*** MATERIAL FOR THIS EXERCISE ***

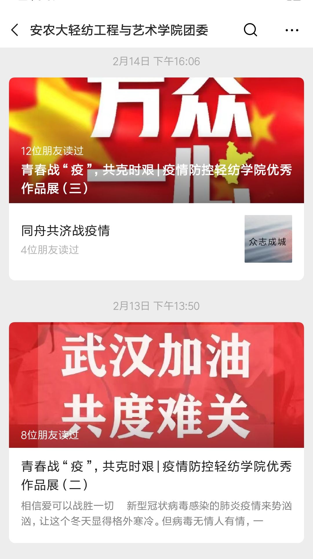 本网讯:为深入贯彻落实习近平总书记关于新冠肺炎疫情防控工作的重要讲话和指示精神,落实教育部、安徽省和我校关于疫情防控工作的相关部署,教育引导广大团员青年在参与疫情防控工作中厚植爱国主义情怀、强化责任担当意识、彰显拼搏奋斗精神、掌握疫情防控知识,为坚决打赢疫情防控阻击战贡献青春力量,结合我院实际情况,在全院团支部中开展“青春战‘疫’共克时艰”线上主题团日活动。
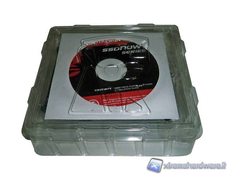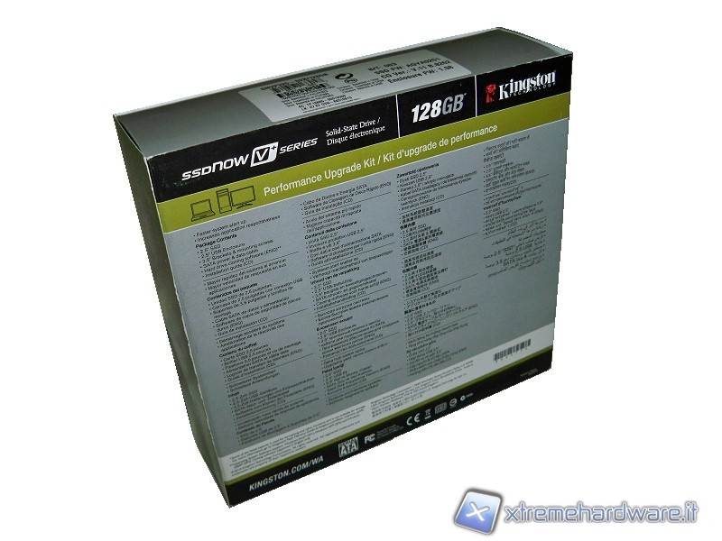 La confezione riporta il volto stilizzato rosso, caratteristico del logo Kingston e il nome del modello; “Performance upgrade kit” sta ad indicare che è la versione del drive completa di accessori. Sul retro sono riportate alcune caratteristiche tecniche del prodotto.
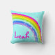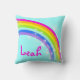 Kleurrijke meisjes aqua green sky blauw met roze tekst regenbooghuiden, kussens, uitsluitend ontworpen door Sarah Trett. Aanpassen met een vierletternaam van uw keuze. Dit voorbeeld leest Leah. Het zou een grote aanvulling zijn op de kamer van het kind of wanneer meerdere kinderen delen.
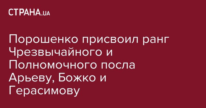 Порошенко присвоил дипломатический ранг Чрезвычайного и Полномочного посла председателю комитета ПАСЕ по вопросам культуры, образования, науки и медиа Владимиру Арьеву, заместителю министра иностранных дел Егору Божко, председателю постоянной делегации Верховной Рады в Парламентской ассамблее ОБСЕ Артуру Герасимову, а также послу Украины в Греции Сергею Шутенко.
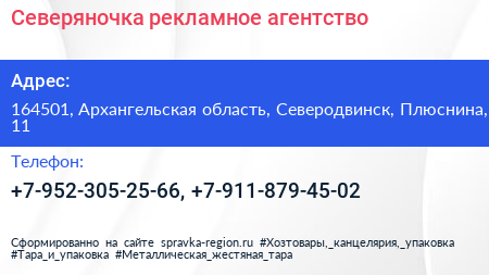 Северяночка, рекламное агентство по адресу 164501, Архангельская область, Северодвинск, Плюснина, 11 в дальнейшем Организация, размещена в следующих категориях:
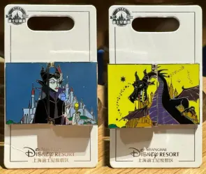 Maleficent is an Open Edition pin from the Hinged Villain Transformations Series pin series. It was originally released on , 2024 and was available from Shanghai Disney Resort .
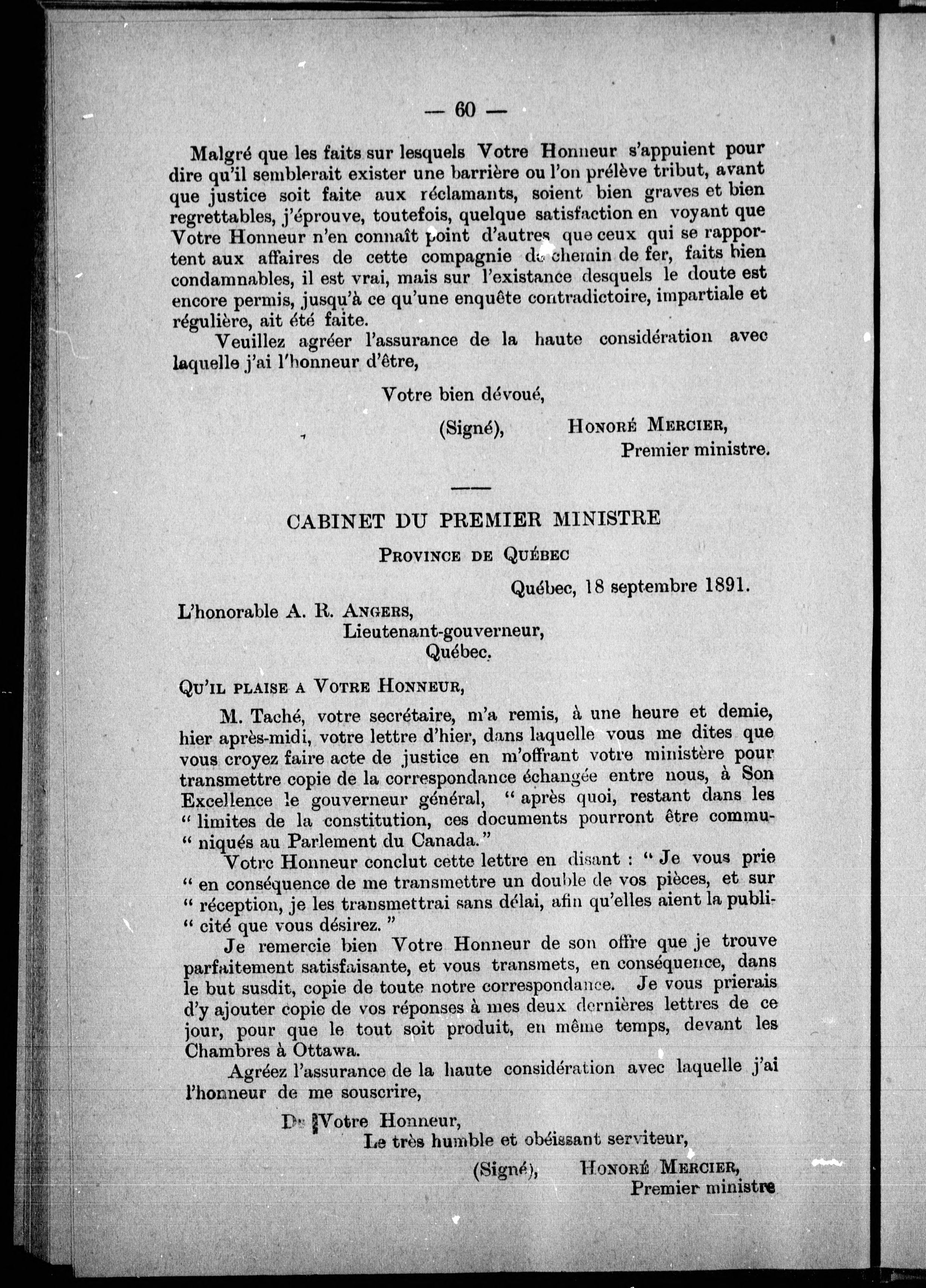 Chemin de fers de la Baie des Chaleurs : dossier officiel complet : correspondance officielle entre Son Honneur le Lieutenant-Gouverneur et M. Mercier, Premier Ministre. - Adresse bibliographique
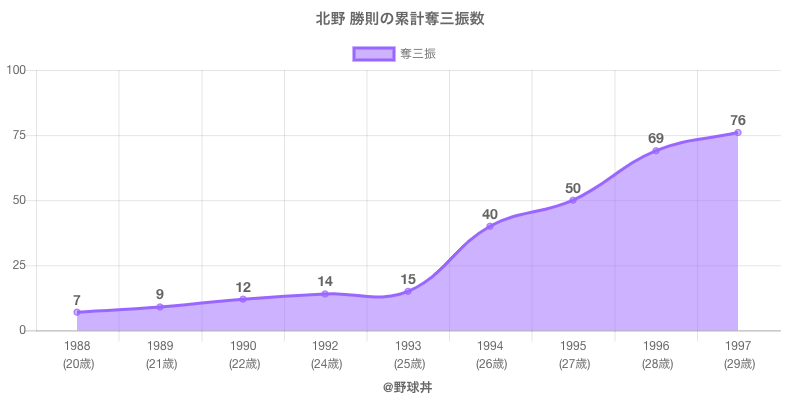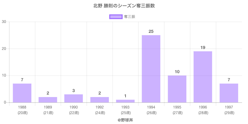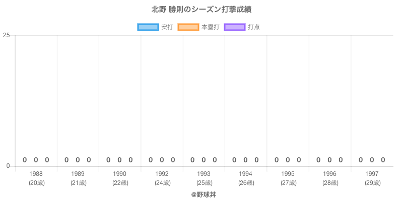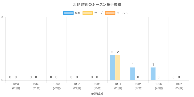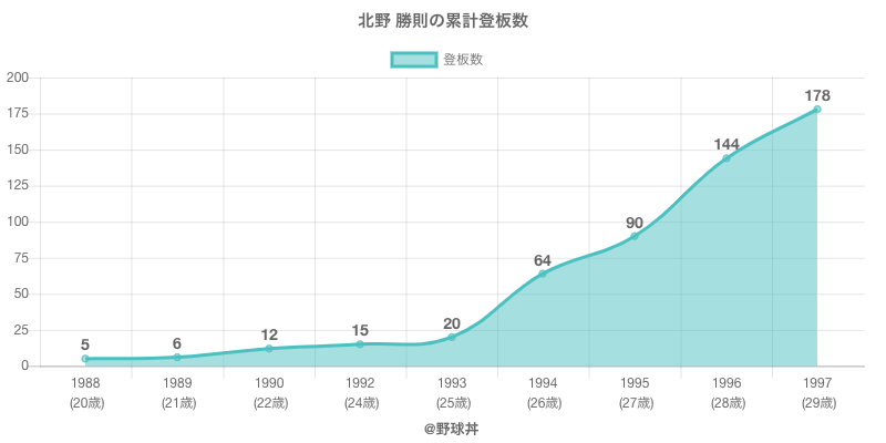 北野 勝則 (58歳)は1988年から1997年にかけて活躍した元中日や横浜大洋所属のプロ野球選手です。 投打は左投左打で、守備位置は主に投手、日本球界初出場は1988年で当時21歳でした。 同年代にはデニー(元中日)や福澤(元千葉ロッテ)がいます。 過去には1996年中日で全54試合出場防御率2.36や1994年中日で全44試合出場防御率2.28という結果を残しています。
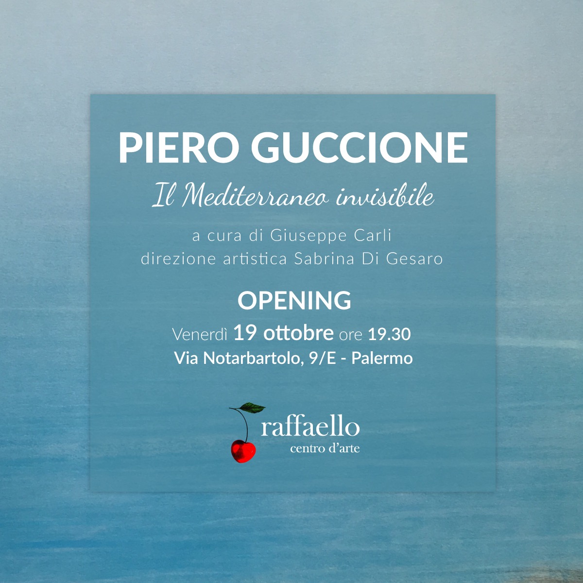 Una nuova sede, una mostra imperdibile. Dopo trent'anni di attività il Centro d'arte Raffaello inaugura venerdì 19 ottobre, ore 19:30, la sua seconda sede (via Notarbartolo 9/e – 90141 - Palermo) con la mostra a cura di Giuseppe Carli “Il mediterraneo Invisibile”, del maestro Piero Guccione. Grazie alla visione della gallerista Sabrina Di Gesaro la nuova apertura si pone l'obiettivo di fornire un punto di riferimento per tutte le persone che credono fortemente nello sviluppo e nella crescita culturale della città, dando alla stessa una nuova direzione più contemporanea, al passo con i tempi.
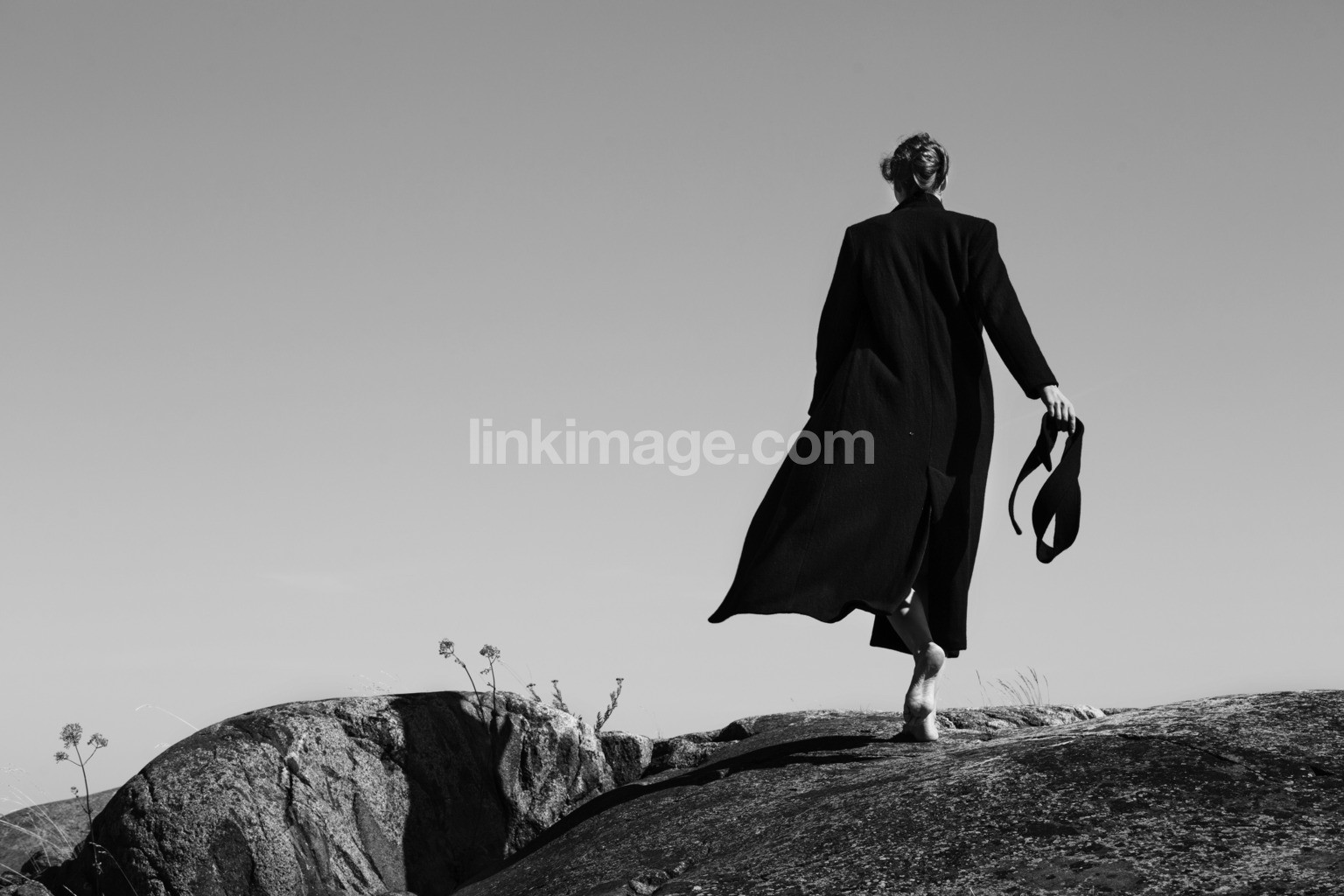 - day, sea, whole body, horizon, cliffs, female, walk, coat, sun, summer, black and white, sweden, girl, outdoor, beautiful, wind, sky, cut, contrasts, archipelago

*** End of MATERIAL FOR THIS EXERCISE ***

(TASK STATEMENT): Nothing but the lines from the one with "Chemin de fers" up to and including the one with "北野 勝則 (58歳)は1988年から1997年にかけて活躍した元中日や横浜大洋所属のプロ野球選手です。" should be printed, exactly as they read above. Please keep the pictures out.

(RESPONSE TO THIS EXERCISE):
 Chemin de fers de la Baie des Chaleurs : dossier officiel complet : correspondance officielle entre Son Honneur le Lieutenant-Gouverneur et M. Mercier, Premier Ministre. - Adresse bibliographique
 北野 勝則 (58歳)は1988年から1997年にかけて活躍した元中日や横浜大洋所属のプロ野球選手です。 投打は左投左打で、守備位置は主に投手、日本球界初出場は1988年で当時21歳でした。 同年代にはデニー(元中日)や福澤(元千葉ロッテ)がいます。 過去には1996年中日で全54試合出場防御率2.36や1994年中日で全44試合出場防御率2.28という結果を残しています。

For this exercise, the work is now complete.